● **Data shown**:
^^^^

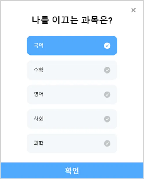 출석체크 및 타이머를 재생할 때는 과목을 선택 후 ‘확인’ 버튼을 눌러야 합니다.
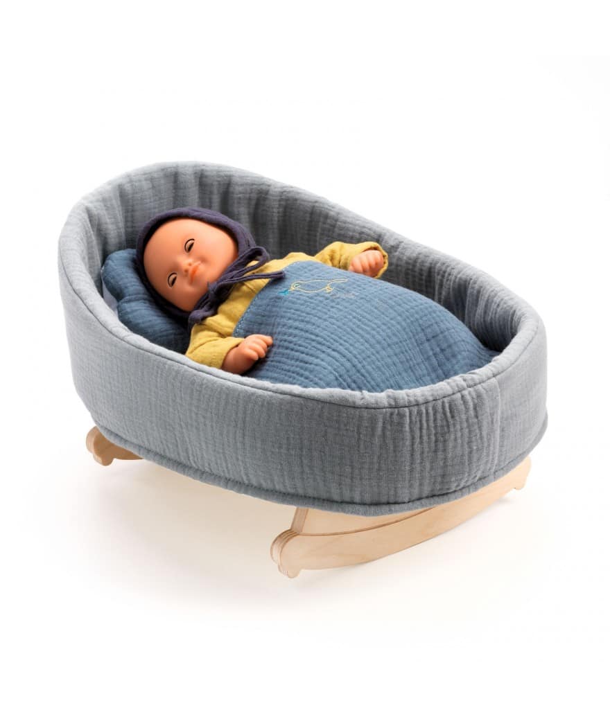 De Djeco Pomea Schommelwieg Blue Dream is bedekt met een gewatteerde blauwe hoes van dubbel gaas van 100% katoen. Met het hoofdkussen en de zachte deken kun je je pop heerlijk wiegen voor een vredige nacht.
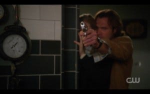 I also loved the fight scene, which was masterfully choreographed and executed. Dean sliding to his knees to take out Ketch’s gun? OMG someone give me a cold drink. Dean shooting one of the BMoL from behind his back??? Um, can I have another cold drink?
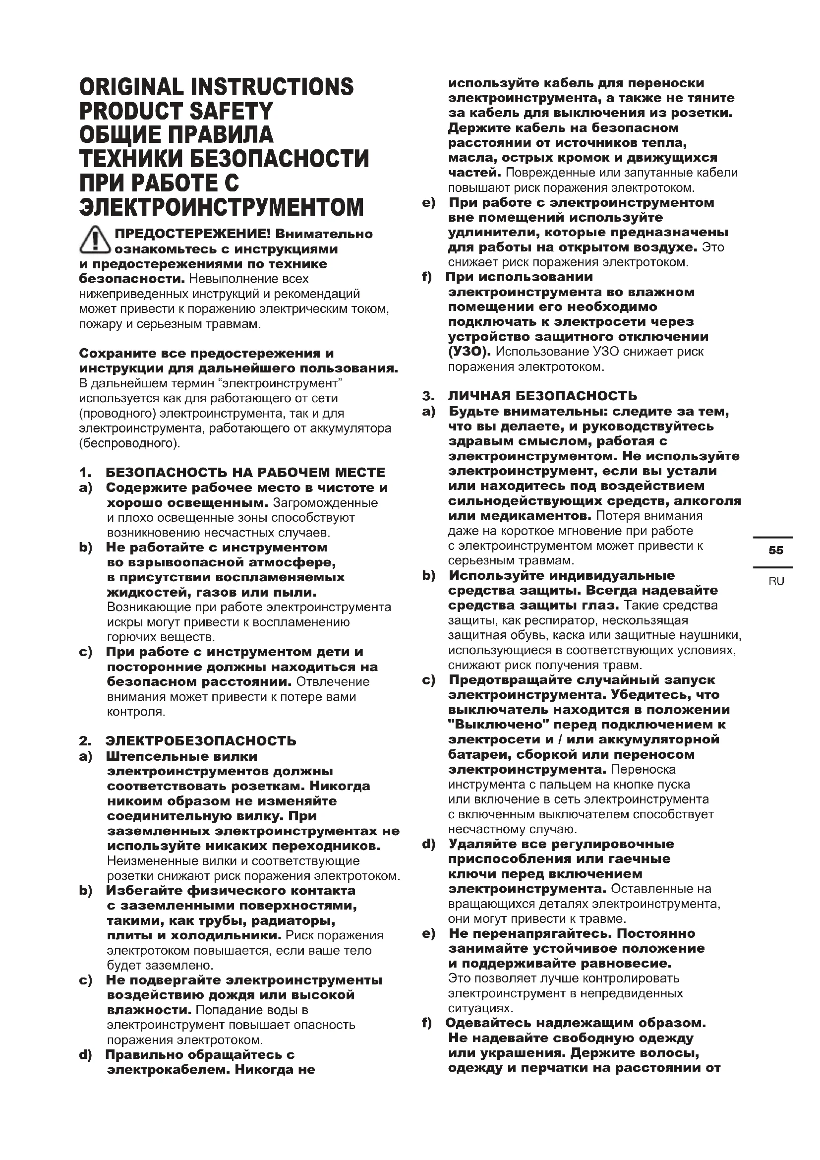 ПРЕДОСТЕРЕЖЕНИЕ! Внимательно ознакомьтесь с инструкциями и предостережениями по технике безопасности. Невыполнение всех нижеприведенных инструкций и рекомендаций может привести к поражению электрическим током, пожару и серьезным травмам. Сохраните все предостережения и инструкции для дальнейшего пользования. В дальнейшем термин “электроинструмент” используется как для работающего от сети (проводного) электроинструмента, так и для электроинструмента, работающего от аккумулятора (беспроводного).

^^^^

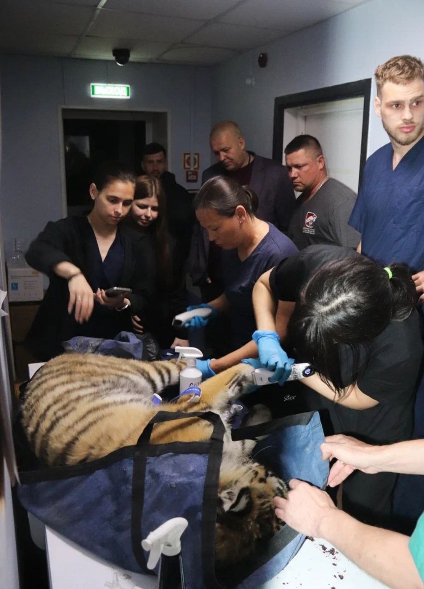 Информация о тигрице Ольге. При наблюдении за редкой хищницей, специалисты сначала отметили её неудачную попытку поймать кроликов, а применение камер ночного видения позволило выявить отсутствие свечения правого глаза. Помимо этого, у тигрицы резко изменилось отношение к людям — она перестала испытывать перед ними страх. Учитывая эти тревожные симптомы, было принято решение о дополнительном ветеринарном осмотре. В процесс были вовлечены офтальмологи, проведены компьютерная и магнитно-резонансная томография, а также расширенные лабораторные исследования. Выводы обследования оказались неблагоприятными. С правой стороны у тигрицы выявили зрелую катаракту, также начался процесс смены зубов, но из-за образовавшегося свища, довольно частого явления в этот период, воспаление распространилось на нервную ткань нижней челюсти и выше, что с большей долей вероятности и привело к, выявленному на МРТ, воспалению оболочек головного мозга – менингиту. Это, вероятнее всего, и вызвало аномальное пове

^^^^

● **Exercise objective**: Above is the material; set down exactly its lines from the one containing "출석체크 및 타이머를" down to the one containing "ПРЕДОСТЕРЕЖЕНИЕ! Внимательно ознакомьтесь", both included, leaving out any pictures.

● **Response to the exercise**:
 출석체크 및 타이머를 재생할 때는 과목을 선택 후 ‘확인’ 버튼을 눌러야 합니다.
 De Djeco Pomea Schommelwieg Blue Dream is bedekt met een gewatteerde blauwe hoes van dubbel gaas van 100% katoen. Met het hoofdkussen en de zachte deken kun je je pop heerlijk wiegen voor een vredige nacht.
 I also loved the fight scene, which was masterfully choreographed and executed. Dean sliding to his knees to take out Ketch’s gun? OMG someone give me a cold drink. Dean shooting one of the BMoL from behind his back??? Um, can I have another cold drink?
 ПРЕДОСТЕРЕЖЕНИЕ! Внимательно ознакомьтесь с инструкциями и предостережениями по технике безопасности. Невыполнение всех нижеприведенных инструкций и рекомендаций может привести к поражению электрическим током, пожару и серьезным травмам. Сохраните все предостережения и инструкции для дальнейшего пользования. В дальнейшем термин “электроинструмент” используется как для работающего от сети (проводного) электроинструмента, так и для электроинструмента, работающего от аккумулятора (беспроводного).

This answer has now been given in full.